Staff member

Jordi Otero Díaz

Postdoctoral Researcher
Cellular and Respiratory Biomechanics
+34 934 031 184
Staff member publications

Botaya, L., Coromina, X., Samitier, J., Puig-Vidal, M., Otero, J., (2016). Visualized multiprobe electrical impedance measurements with STM tips using shear force feedback control Sensors 16, (6), 757

Here we devise a multiprobe electrical measurement system based on quartz tuning forks (QTFs) and metallic tips capable of having full 3D control over the position of the probes. The system is based on the use of bent tungsten tips that are placed in mechanical contact (glue-free solution) with a QTF sensor. Shear forces acting in the probe are measured to control the tip-sample distance in the Z direction. Moreover, the tilting of the tip allows the visualization of the experiment under the optical microscope, allowing the coordination of the probes in X and Y directions. Meanwhile, the metallic tips are connected to a current-voltage amplifier circuit to measure the currents and thus the impedance of the studied samples. We discuss here the different aspects that must be addressed when conducting these multiprobe experiments, such as the amplitude of oscillation, shear force distance control, and wire tilting. Different results obtained in the measurement of calibration samples and microparticles are presented. They demonstrate the feasibility of the system to measure the impedance of the samples with a full 3D control on the position of the nanotips.

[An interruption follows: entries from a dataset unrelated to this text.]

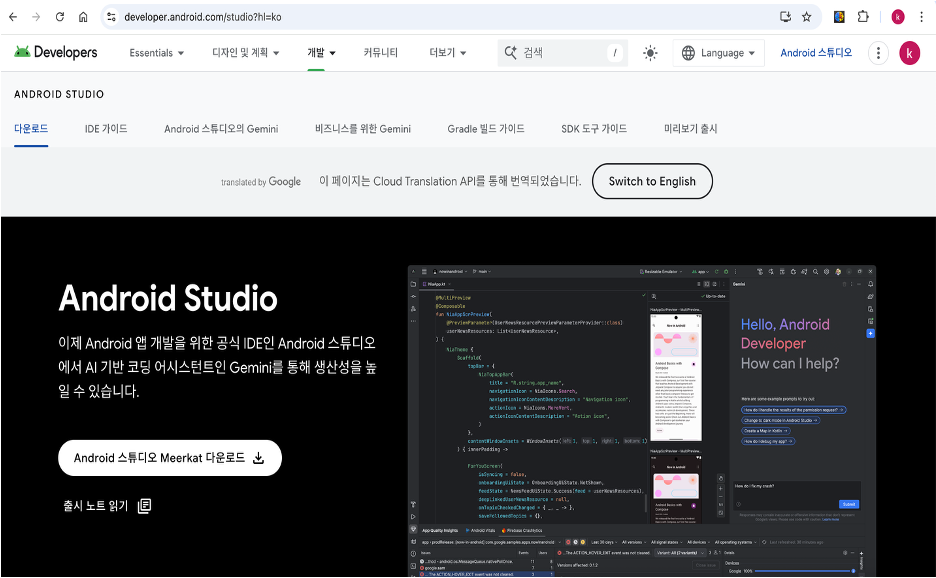 안드로이드 스투디오 공식 웹 사이트(https://developer.android.com/studio?hl=ko)
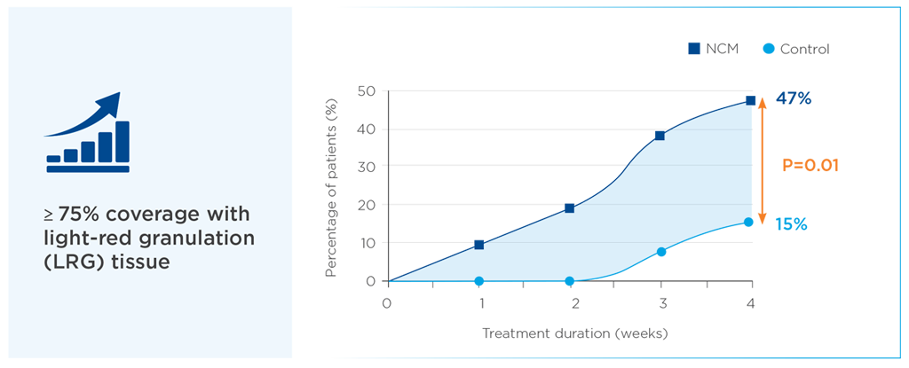 47% of patients treated with NCM reached more than 75% coverage with LRG tissue compared with 15% in the control group (OR=5.95; p=0.01).”
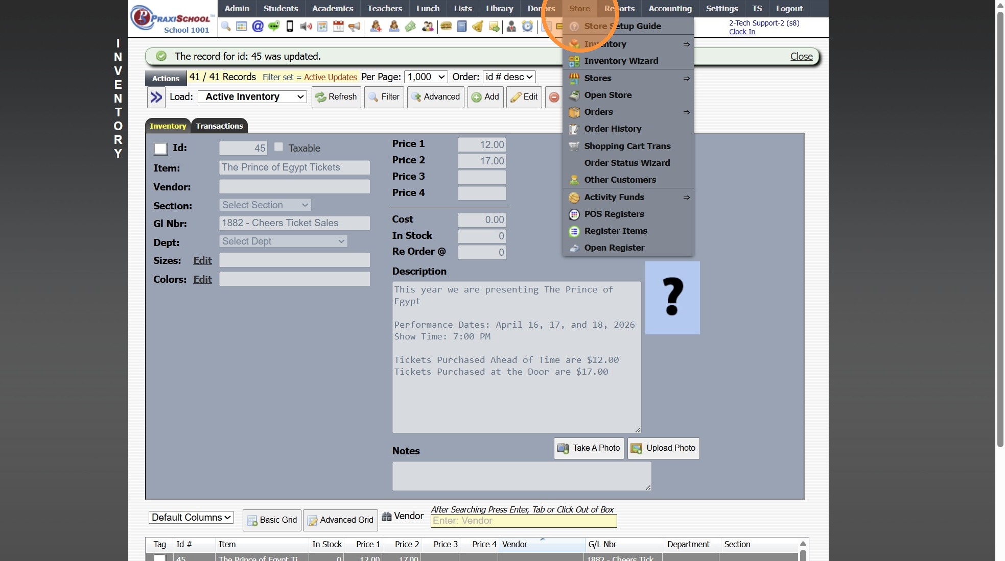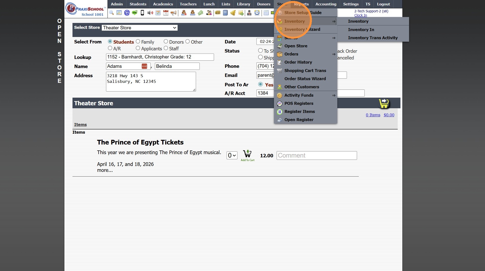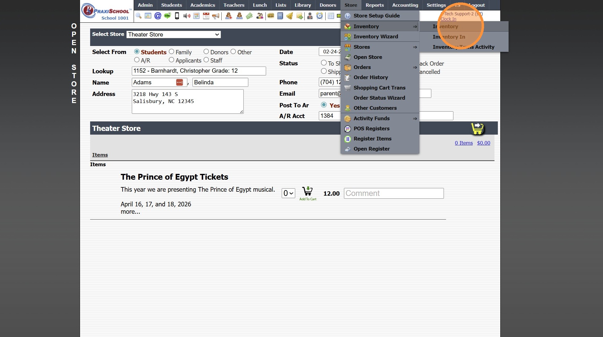 1. Click "Store" 2. Click "Inventory Wizard" 3. Select "Receive" 4. Search Inventory Item 5. Select Vendor (Optional) 6. Enter Quantity Received 7. Enter Cost of Each Item 8. Set Date Received 9. Click "Save" 10. Inventory Transaction Wizard Item ...
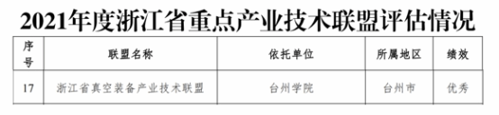经浙江省技术创新中心评估和浙江省经济和信息化厅审核,以我校为依托单位的浙江省真空装备产业技术联盟运行情况好,绩效优秀。参加考核评估的联盟共97个,其中优秀23个,良好21个,合格53个。
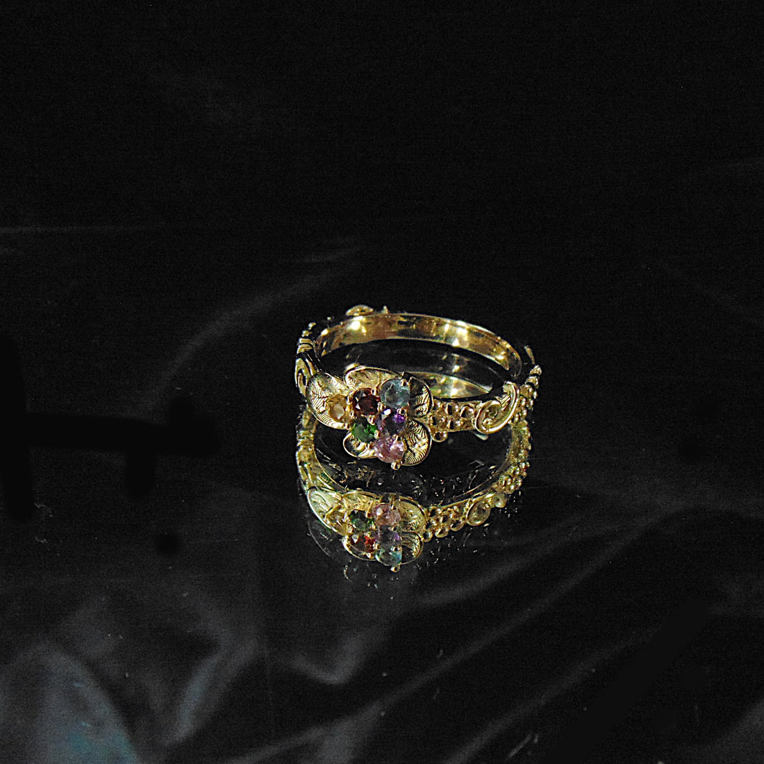 Złoty Pierścionek Secesyjny z Kolorowymi Kamieniami

Keywords: Impedance measurement, Multiprobe SPM, Quartz tuning forks, Scanning probe microscopy, Scanning tunneling microscope (STM) tip

González, L., Otero, J., Agusil, J. P., Samitier, J., Adan, J., Mitjans, F., Puig-Vidal, M., (2014). Micropattern of antibodies imaged by shear force microscopy: Comparison between classical and jumping modes Ultramicroscopy 136, 176-184

Quartz tuning fork devices are increasingly being used as nanosensors in Scanning Probe Microscopy. They offer some benefits with respect to standard microfabricated cantilevers in certain experimental setups including the study of biomolecules under physiological conditions. In this work, we compare three different working modes for imaging micropatterned antibodies with quartz tuning fork sensors: apart from the classical amplitude and frequency modulation strategies, for first time the jumping mode is implemented using tuning forks. Our results show that the molecules suffer less degradation when working in the jumping mode, due to the reduction of the interaction forces.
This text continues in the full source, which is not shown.